Johnny Manziel Will Silence Critics with Another Heisman Trophy-Winning Season

Mike ChiariFeatured ColumnistSeptember 18, 2013

COLLEGE STATION, TX - SEPTEMBER 14:  Johnny Manziel #2 of Texas A&M Aggies drops back to pass during the game against the Alabama Crimson Tide at Kyle Field on September 14, 2013 in College Station, Texas.  (Photo by Scott Halleran/Getty Images)
Scott Halleran/Getty Images

Texas A&M quarterback Johnny Manziel is one of the most talked-about figures in sports currently, and while he has plenty of supporters, there are others who have tried to downplay his accomplishments. Despite the Aggies' loss to Alabama last week, Manziel is very much on pace to win his second Heisman Trophy, which would put him in elite company.

Ranked No. 1 in the nation, the Crimson Tide were able to outlast Manziel's assault, but it became blatantly obvious that Johnny Football is head and shoulders above all other college football players right now.

Alabama's defense is supposed to be the closest thing resembling an NFL defense in the college game today, but the Tide looked like an FCS squad when Manziel was on the field.

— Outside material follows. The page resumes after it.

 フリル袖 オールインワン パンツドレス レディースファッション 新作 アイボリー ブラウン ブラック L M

Manziel threw for 464 yards while completing nearly 72 percent of his passes, rushed for 98 more and scored five touchdowns. Bama came away with a 49-42 victory, but Manziel couldn't have possibly done any more than he did. He was absolutely unreal, which ESPN Stats & Info can attest to.

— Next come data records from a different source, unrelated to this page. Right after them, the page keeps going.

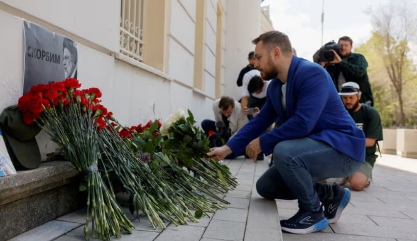 Bu arada Rusya’da İran büyükelçiliği önüne Reisi fotoğrafının önüne çiçekler bırakıldı.
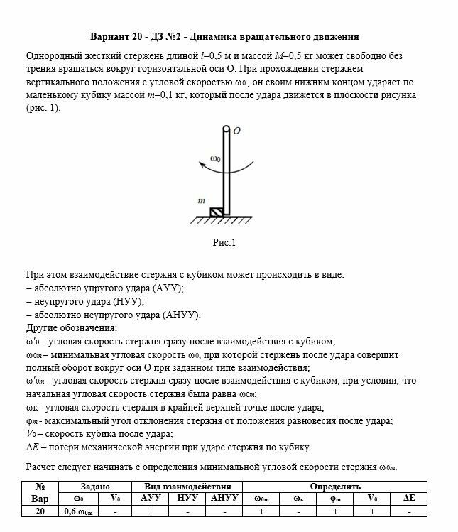 ДЗ 1: Динамика материальной точки + Динамика вращательного движения вариант 20
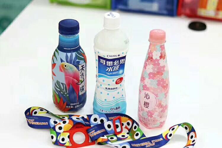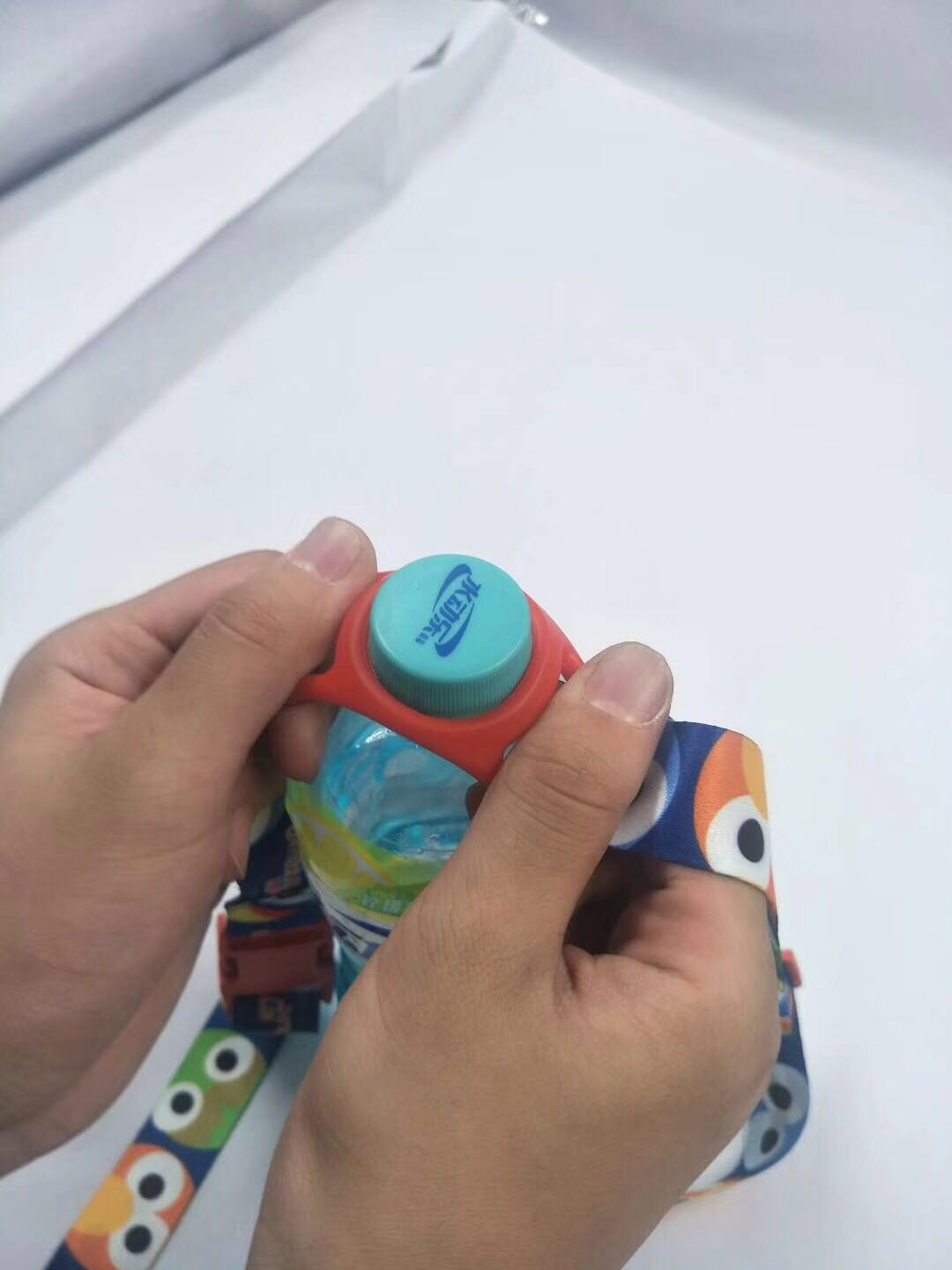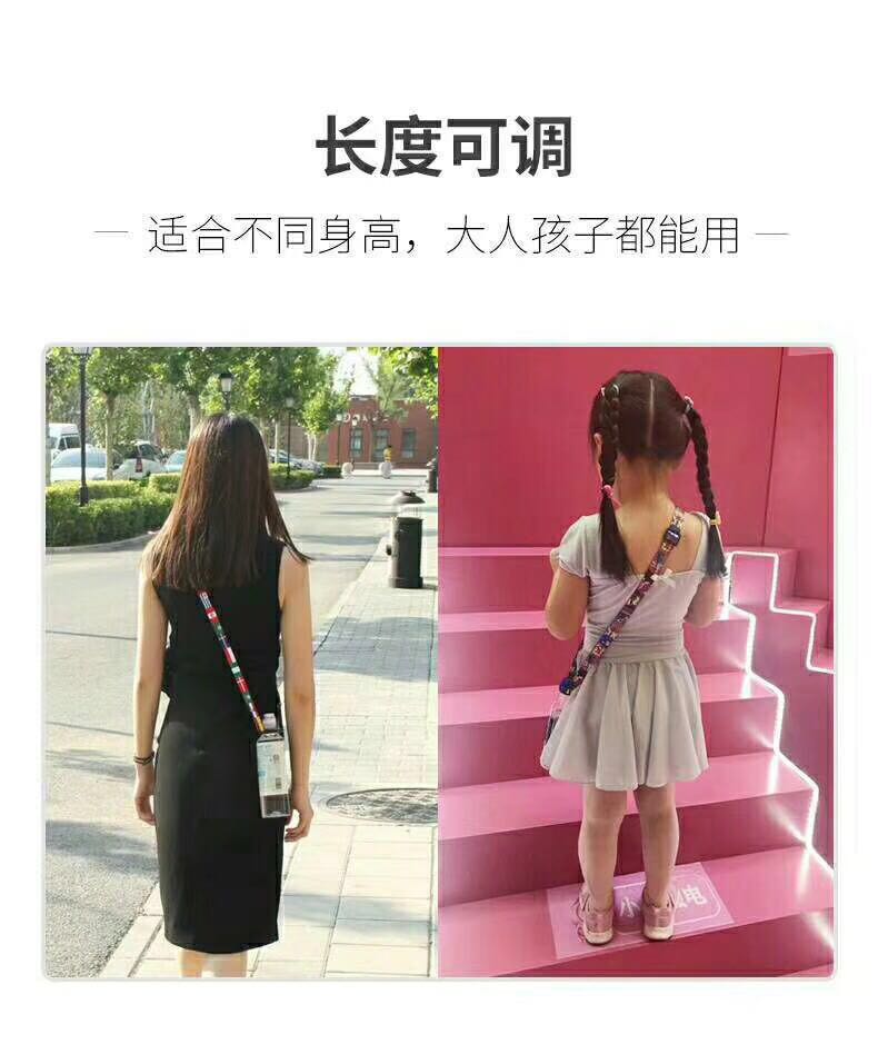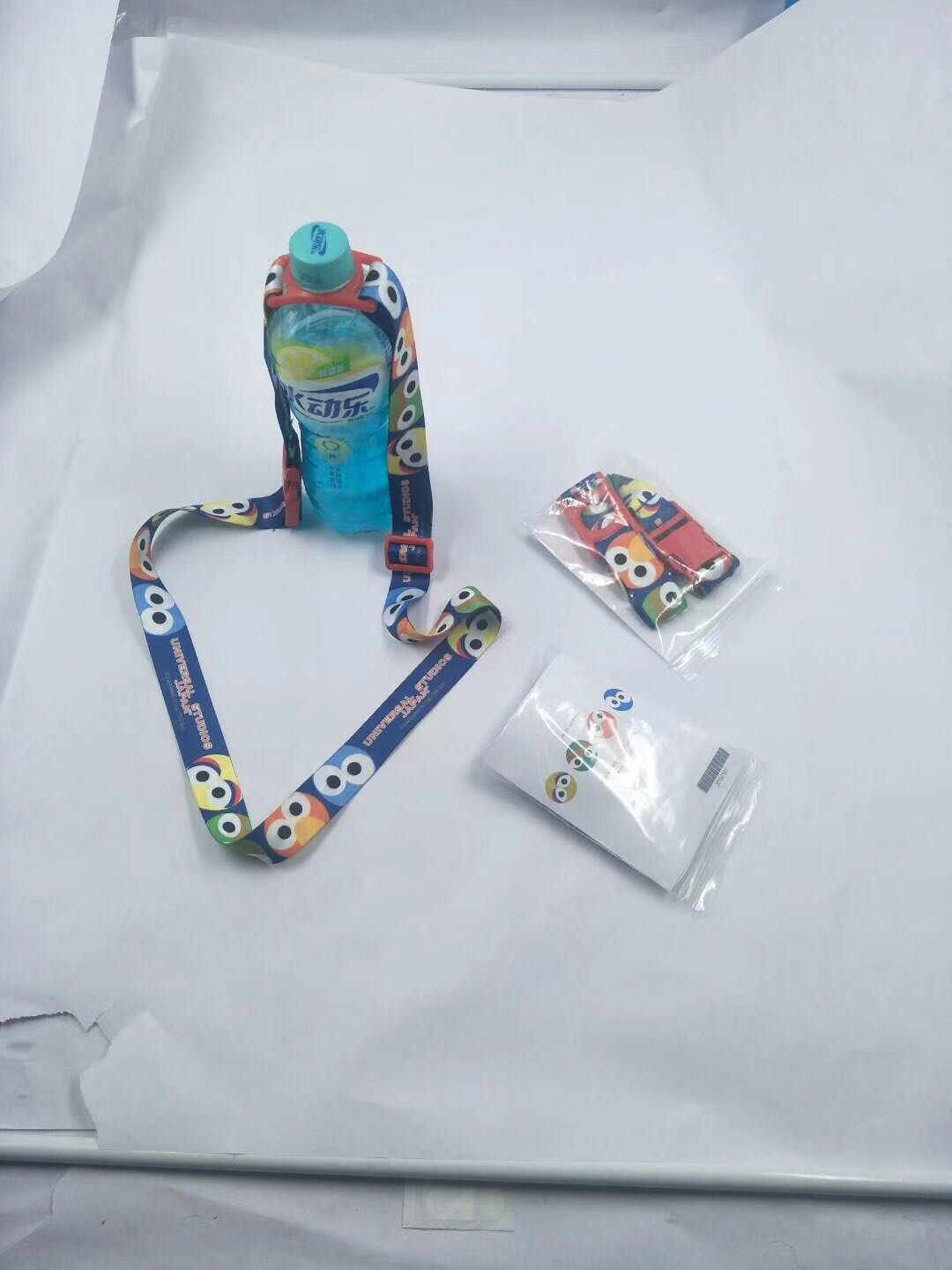 Bebidas en la Calle Sésamo al contado con botellas de agua mineral en la espalda, cuerdas colgantes para niños alargados y oblicuos

Johnny Football also set a new Texas A&M single-game passing yardage record, which is an impressive feat against any team, let alone the two-time defending national champions.

Manziel has proven to be virtually unstoppable at every turn, as he became the first freshman to win the Heisman Trophy last season. Even so, Manziel's detractors have found reasons to pretend as though he isn't a generational talent.

The main complaints relate to Manziel's attitude and issues off the field. There is no question that those are major concerns, as Manziel was involved in an autograph scandal, and suspicions surrounded his departure from the Manning Passing Academy this past offseason, but those types of things will likely be few and far between as he continues to mature.

Manziel is just 20 years old, so he still has plenty of growing left to do as a person. That has nothing to do with who he is as a football player, however. Even though Manziel's college career has been nothing short of dominant, Sports Illustrated's Peter King has heard that some NFL teams consider him to be undraftable due to his character concerns.

It seems like a ridiculous thought process on the part of those teams, as Manziel has already accomplished more at the college level than the likes of Robert Griffin III and Andrew Luck. He appears to have every bit the skill set of RG3, but his numbers at the collegiate level have been even more impressive.

Some team in need of a quarterback is going to take Manziel early in the 2014 draft if he decides to leave Texas A&M after the season, as most expect. What he accomplishes over the remainder of the year will bolster his resume even more because it will be difficult for teams to overlook consecutive Heisman Trophy wins.

Winning the Heisman certainly doesn't guarantee NFL success. Even winning the honor twice doesn't guarantee anything, as Ohio State running back Archie Griffin became the first and only player to accomplish that feat. He never eclipsed 688 yards in seven seasons with the Cincinnati Bengals, so perhaps there will be some concern that Manziel could suffer a similar fate.

Manziel is thriving in a system that has caught on in the NFL, though, and if he is this dominant against the best competition that the collegiate level has to offer, there is no reason why he can't do something similar in the NFL.

There is no doubt that Manziel has some stiff competition for the Heisman this year with quarterbacks Marcus Mariota of Oregon, Teddy Bridgewater of Louisville and Tajh Boyd of Clemson immediately coming to mind, but it's unlikely that any of those signal-callers will turn in a performance comparable to the one Manziel produced against Alabama.

Manziel's naysayers may try to rationalize things if and when he wins the Heisman Trophy, but Manziel will have established himself as arguably the greatest college football player of all time. With that in mind, he'll be the one who gets the last laugh.